Крушение России. 1917 - Вячеслав Алексеевич Никонов
Шрифт:
Интервал:
Закладка:
«Генерал-адъютант Рузский считался либералом, — подчеркивал Спиридович. — Он был любимцем оппозиции и ее печати, которой он был обязан и своей славой в Галиции, оспариваемой многими военными. К Государю как к монарху Рузский относился критически, к Государю как Верховному главнокомандующему — еще более критически. Последнее во многом объяснялось его неприязнью к генералу Алексееву. Назначение Алексеева начальником штаба Верховного главнокомандующего до самой смерти обидело Рузского. Либералы-заговорщики, мечтавшие о дворцовом перевороте, старались обеспечить себе свободу действий, опираясь на генерала Рузского, которому до начала февраля подчинялись все войска Петрограда. Приезд Рузского зимой в Петроград был умно использован теми, кому это было нужно. На фронт к Рузскому ездил великий авантюрист Гучков и имел с ним важные переговоры»[1511]. Известно также, чем эти переговоры закончились. Рузский ответил, что «если бы к нему обратились, он поддержал бы заговор»[1512].

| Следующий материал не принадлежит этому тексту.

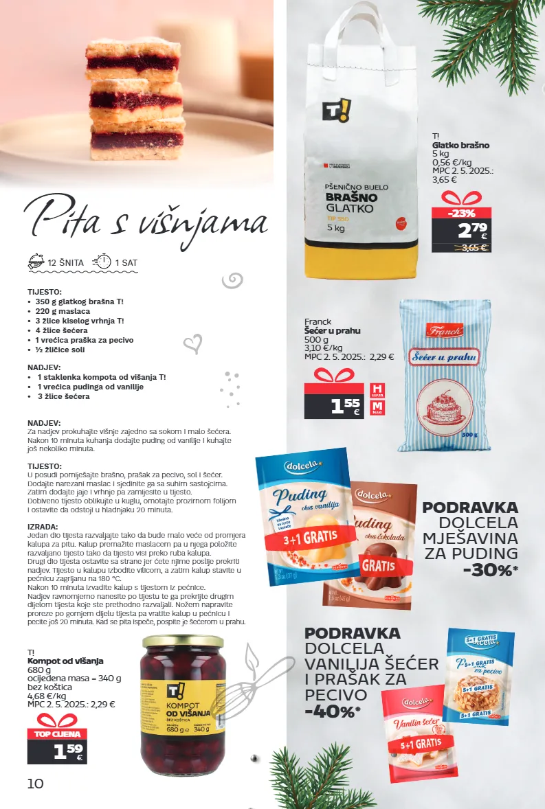 10 top cijena 1 59 € t! kompot od višanja 680 g ocijeđena masa = 340 g bez koštica 4,68 €/kg mpc 2. 5. 2025.: 2,29 € podravka dolcela vanilija šećer i prašak za pecivo -40 % * pita s višnjama nadjev: za nadjev prokuhajte višnje zajedno sa sokom i malo šećera. nakon 10 minuta kuhanja dodajte puding od vanilije i kuhajte još nekoliko minuta. tijesto: u posudi pomiješajte brašno, prašak za pecivo, sol i šećer. dodajte narezani maslac i sjedinite ga sa suhim sastojcima. zatim dodajte jaje i vrhnje pa zamijesite u tijesto. dobiveno tijesto oblikujte u kuglu, omotajte prozirnom folijom i ostavite da odstoji u hladnjaku 20 minuta. izrada: jedan dio tijesta razvaljajte tako da bude malo veće od promjera kalupa za pitu. kalup premažite maslacem pa u njega položite razvaljano tijesto tako da tijesto visi preko ruba kalupa. drugi dio tijesta ostavite sa strane jer ćete njime poslije prekriti nadjev. tijesto u kalupu izbodite vilicom, a zatim kalup stavite u pećnicu zagrijanu na 180 °c. nakon 10 minuta izvadite kalup s tijestom iz pećnice. nadjev ravnomjerno nanesite po tijestu te ga prekrijte drugim dijelom tijesta koje ste prethodno razvaljali. nožem napravite proreze po gornjem dijelu tijesta pa vratite kalup u pećnicu i pecite još 20 minuta. kad se pita ispeče, pospite je šećerom u prahu. 12 šnita 1 sat tijesto: • 350 g glatkog brašna t! • 220 g maslaca • 3 žlice kiselog vrhnja t! • 4 žlice šećera • 1 vrećica praška za pecivo • ½ žličice soli nadjev: • 1 staklenka kompota od višanja t! • 1 vrećica pudinga od vanilije • 3 žlice šećera t! glatko brašno 5 kg 0,56 €/kg mpc 2. 5. 2025.: 3,65 € -23% 2 79 € 3,65 € 1 55 € franck šećer u prahu 500 g 3,10 €/kg mpc 2. 5. 2025.: 2,29 € podravka dolcela mješavina za puding -30 % *

Алексей Брусилов был фигурой исключительно популярной после легендарного прорыва. Гучков был близко знаком еще с его родным братом — контр-адмиралом, начальником Морского Генерального штаба. Адмирал Брусилов весьма критически относился к императору и был приверженцем конституционно-либеральных идей. Именно через него Гучков познакомился с будущим командующим Юго-Западным фронтом[1513], который не отказывался обсудить политическую ситуацию с думскими эмиссарами.

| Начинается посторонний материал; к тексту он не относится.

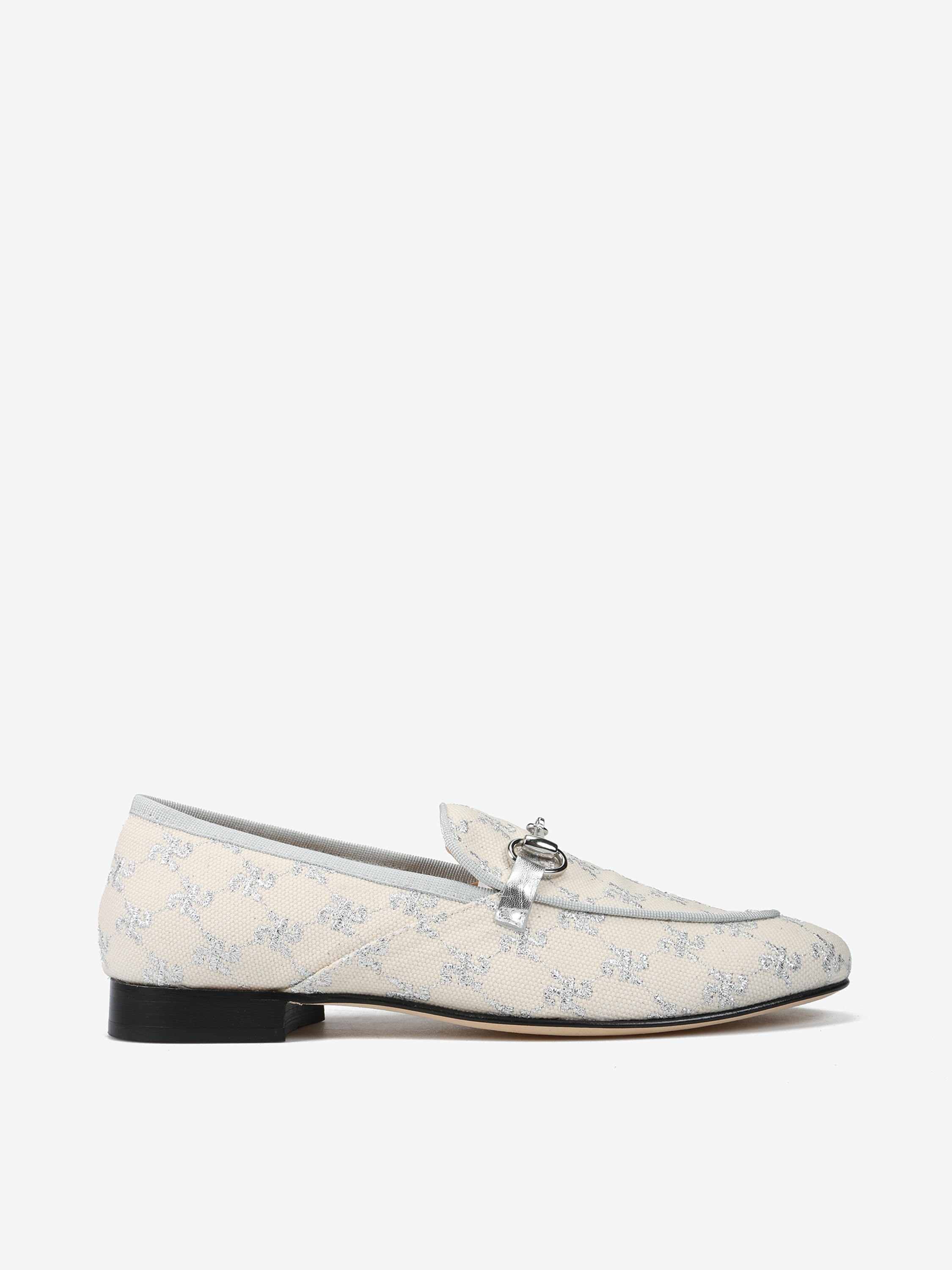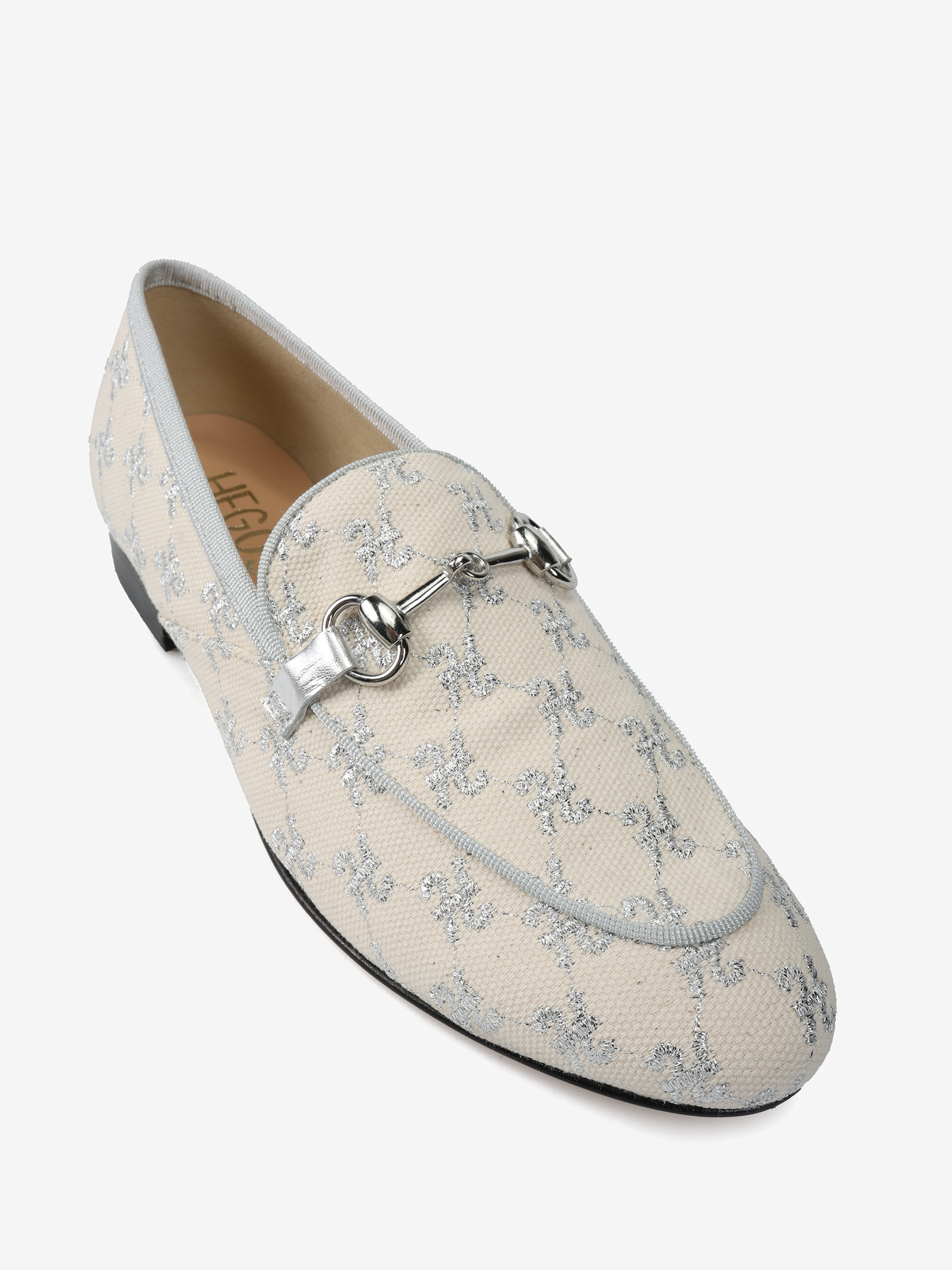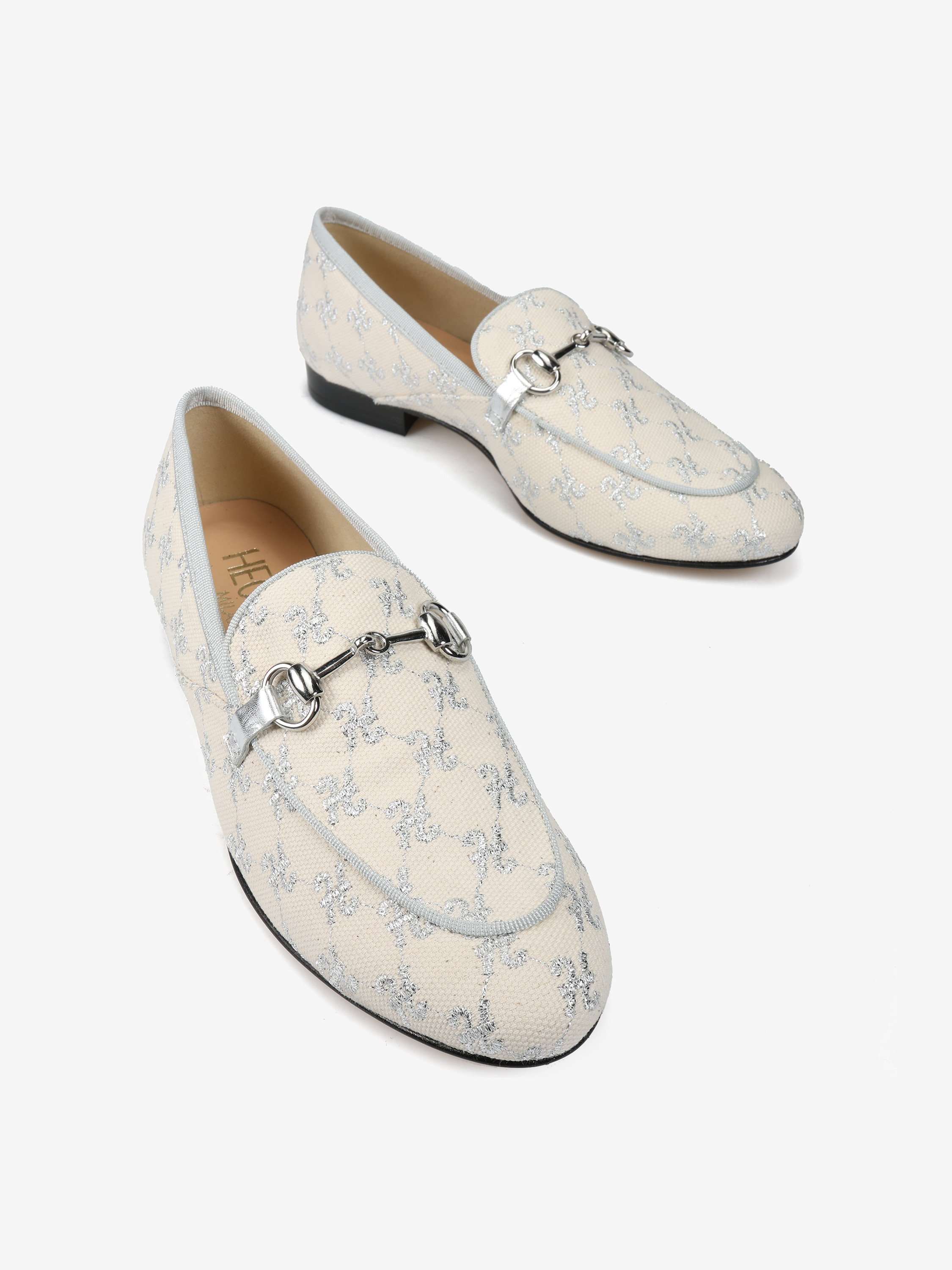 Mokasyny z haftowanym monogramem i metalowym wędzidłem.

К «младотуркам» были близки и командующие флотами, Балтийского — Непенин и Черноморского — Колчак. Еще известный советский историк революции Старцев приходил к выводу, что «Непенин и Колчак были назначены на свои должности благодаря ряду интриг, причем исходной точкой послужила их репутация — либералов и оппозиционеров»[1514]. Будущий военный министр Временного правительства Александр Верховский, занимавший к началу революции должность начальника штаба Черноморской дивизии, готовившейся к десантированию на турецкое побережье, подтверждал, что «думские люди сумели добиться назначения Колчака… Колчак еще со времени японской войны был в постоянном столкновении с царским правительством и, наоборот, в тесном общении с представителями буржуазии в Государственной думе»[1515]. Сам генерал Верховский в своем дневнике писал: «Только смена политической системы может спасти армию от новых несчастий, а Россию от позорного поражения. Армия потеряла терпение»[1516]. А другого автора дневниковых записей — служившего на Балтийском флоте капитана 1-го ранга Ренгартена — разговор с вице-адмиралом Непениным «невольно наводил на мысль о довольно определенных сношениях между А. Гучковым, генералом Алексеевым, Непениным и другими об организации переворота «путем устранения»[1517].
В литературе в числе заговорщиков называется и имя генерал-лейтенанта Лавра Корнилова, командовавшего XXV армейским корпусом. Сам он свое участие отрицал, но его имя фигурировало в составленном Гучковым списке отмеченных доверием Думы[1518]. Это доверие распространялось настолько широко, что именно Корнилову будет доверено командование столичным гарнизоном сразу после Февральской революции.
Еще одной фигурой, которая считалась заговорщиками ключевой, был генерал-лейтенант Александр Крымов, командующий Уссурийской казачьей бригадой. Не думаю, что император был с ним хорошо знаком — фамилии Крымова не найти ни в переписке с супругой, ни в личных дневниках, — зато его хорошо знали в кружке Гучкова, в Военной ложе, в думских кругах и в Ставке. «Человек большого роста и грузной комплекции; говорят, очень умный, дельный и ловкий, — записал Лемке. — Алексеев относится к нему очень тепло и долго с ним беседовал у себя в кабинете»[1519]. По иронии судьбы, Крымов сыграет большую роль не в заговоре Гучкова и компании против Николая II, а в неудавшемся заговоре Корнилова в августе 1917 года, после которого покончит с собой. Тогда-то Терещенко впервые даст откровенное интервью: «Я не могу не вспомнить последних месяцев пред революцией, когда генерал Крымов оказался тем единственным генералом, который из великой любви к родине не побоялся вступить в ряды той небольшой группы лиц, которая решилась сделать государственный переворот… Генерал Крымов неоднократно приезжал в Петербург и пытался убедить сомневающихся, что больше медлить нельзя»[1520].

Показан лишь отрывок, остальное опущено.